I recently celebrated my birthday. It’s become one of the happiest days of my divorce. I want for nothing. I have a long-awaited sense of peace. I wrote about this on my last birthday.
I want to expand on the bigger issue.
What does it mean when your husband ignores you on your birthday?
What are they telling you?
Before I answer this question let’s look at the bigger picture. It’s one day a year. One day where you should be prioritized. One day where you should feel incredibly loved.
One stinking day.
It’s not that hard.
But Google it.
You will find it’s a prevalent problem. And it’s not gender specific. My husband ignored my birthday but many women are guilty of the same behavior.

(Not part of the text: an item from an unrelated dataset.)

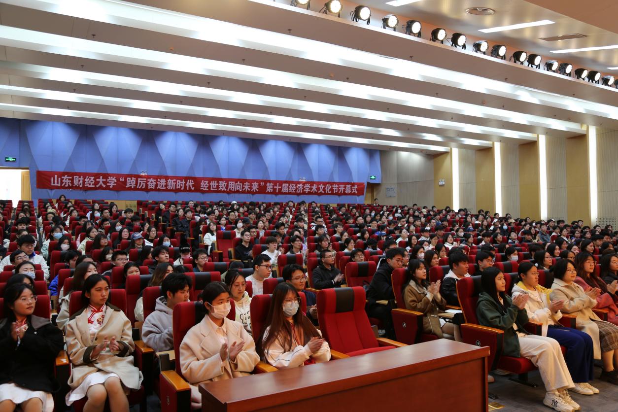 (通讯员:芮曦 武坤泽)3月20日,由校学生工作部(处)、校团委和经济学院主办,经济学院团委、学生会承办的山东财经大学“踔厉奋进新时代,经世致用向未来”第十届经济学术文化节开幕式于圣井校区文化活动中心报告厅举行。经济学院党委书记姜伟,圣井校区管理办公室党委书记高峰,校学生工作处副处长刘思锋,校团委副书记邢夏子,经济学院党委副书记李冰封、陈静,副院长崔宝敏、张明志出席开幕式。开幕式由陈静主持。

Is forgetting someone’s birthday a big deal?
If it’s an isolated incident the answer would be no.
But if it’s a pattern of casually being disregarded it is a big deal.
Let’s examine the one-off’s.
No one (man or woman) is perfect. Life happens. Things happen. Every birthday may not be grand. Your spouse or someone you love may forget your birthday.
They may not do anything special.
Why?
They may be going through a difficult time. They may be dealing with extraordinary issues in their lives. They may be more stressed than usual. They may be worried about an aging parent. Their work could be more demanding.
These are the hall passes of birthdays.
These are the thoughtful people who would never want to hurt you.
Why Does Your Spouse Ignore Your Birthday?
There are several reasons a spouse will ignore your birthday.
1. They’re Sending You a Message
Your spouse has a different idea of how birthdays should be celebrated.
My ex-husband falls into this category.
It annoyed him that birthdays were a big deal to me.
He insisted that birthdays were not a big deal in his family. I would tell him, “That’s fine we don’t have to do anything on your birthday. But in my family birthdays were a big deal.”
It took me a long time to catch on.
I continued to make a big deal over his birthday despite him routinely ruining mine. I’m not a tit for tat person. But at the end of our marriage I was exhausted.
I just didn’t care.
On one of his milestone birthdays, I made a nice dinner and gave him one present. I didn’t do anything extraordinary. I didn’t do the types of things I typically did for big birthdays.
There were no surprise parties, unexpected trips, or extravagant gifts.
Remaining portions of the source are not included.